The Kamo River gave us many painting opportunities.
(Photo credit: Barbara King)


Ginkaku-ji, (the Silver Pavilion), Philosopher’s Walk, Fushimi Shrine, the Arashiyama River, Bamboo Forest and Kinkaku-ji (the Golden Pavilion) were the mainstays of our itinerary.  All along the way – the hues of Autumn peeked through the trailing colors of Summer. 

Group Photo as we enter the Silver Pavilion
Roof of the Silver Pavilion
Sand Sculpture of Mount Fuji in the Garden of the Silver Pavilion.  Mt.
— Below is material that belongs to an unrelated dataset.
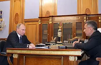 Президент Татарстана Р. Н. Минниханов с премьер-министром России В. В. Путиным в его служебном кабинете, 2011 год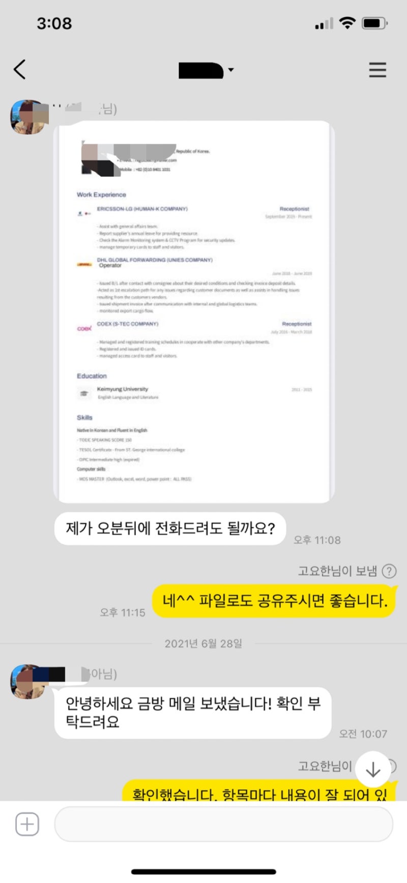 - >> 문의 및 상담: 카톡/문자/전화 등으로 편하게 연락 주세요! 지원 직무와 기업, 마감 기한 등을 알려주시면 됩니다.

Fuji is known for its perfect, triangular symmetry - a dynamic, the sculptor captured.

Along the Philosopher's Walk, we found a place to set up "paint camp".

Our boat trip along the Arashimaya River gave us much to discuss in terms of the variety of autumn’s colors and compositions.  Artists look at their surrounding environment differently versus our human peers.  We don’t look at the sky and think it is blue – we look at the sky and think “hmmm, pthalo blue, ultramarine blue or hydrangea blue with a hint of cad yellow?   We don’t look at a bush and think it’s a bush…  we see a bush and we think it is a rectangle with a semicircle on top.  We look at a scene as if there is always a boxed line around it – what part of the landscape belongs on and off the canvas. 

We think about our surroundings as if we are going to draw or paint them.  ALL THE TIME!  (something that the non-artist members of my family find humorous and puzzling at the same time.)

So, when a group of artists gather, no explanations are necessary if I chose to stand in one spot and take 5 different photos of an alizarin crimson/cadmium red maple leaf contrasting with its cadmium/sap green neighbor that hadn’t succumbed to the color of Autumn.

There were quite a few bridges along the River - this one may be the subject for a future painting!

Arashimaya River Boats

The Fushimi Inari Shrine offers one visual color - that of a cadmium orange (bright orange to non-artist peeps).  The simplicity of the Torii gates as you ascend the mountain within the safety of their umbrella lends itself to a spiritual experience.  A traditional gate most commonly found at the entrance or within a Shinto shrine, the Torii gate marks the transition from the ordinary to the sacred.  The contrast of the cadmium orange against the lush green landscape of the mountain offers a soothing climb.

The outside of the Torii gate walkway - a contrast of orange and green.
On a rainy/cloudy day, this contrast lends itself to a soothing journey

I am not sure what these are called, but I loved the foreground of the round and
dark (Raw Umber) bell-shaped vessel in a stark contrast to the recti-linear shape and color
of the Torii gates in the background

We choose various viewing positions to take 80+ photos of the Golden Temple for 40 minutes as the sun slowly moved across the sky.  And we weren’t finished!

I know what you are thinking; yes, it is a Golden Temple and it is STUNNING. And most people would want to take at least 20 photos – but more than that?!  For the scientific human, it is a building covered in gold.  Gold leaf if you have a good tour-guide.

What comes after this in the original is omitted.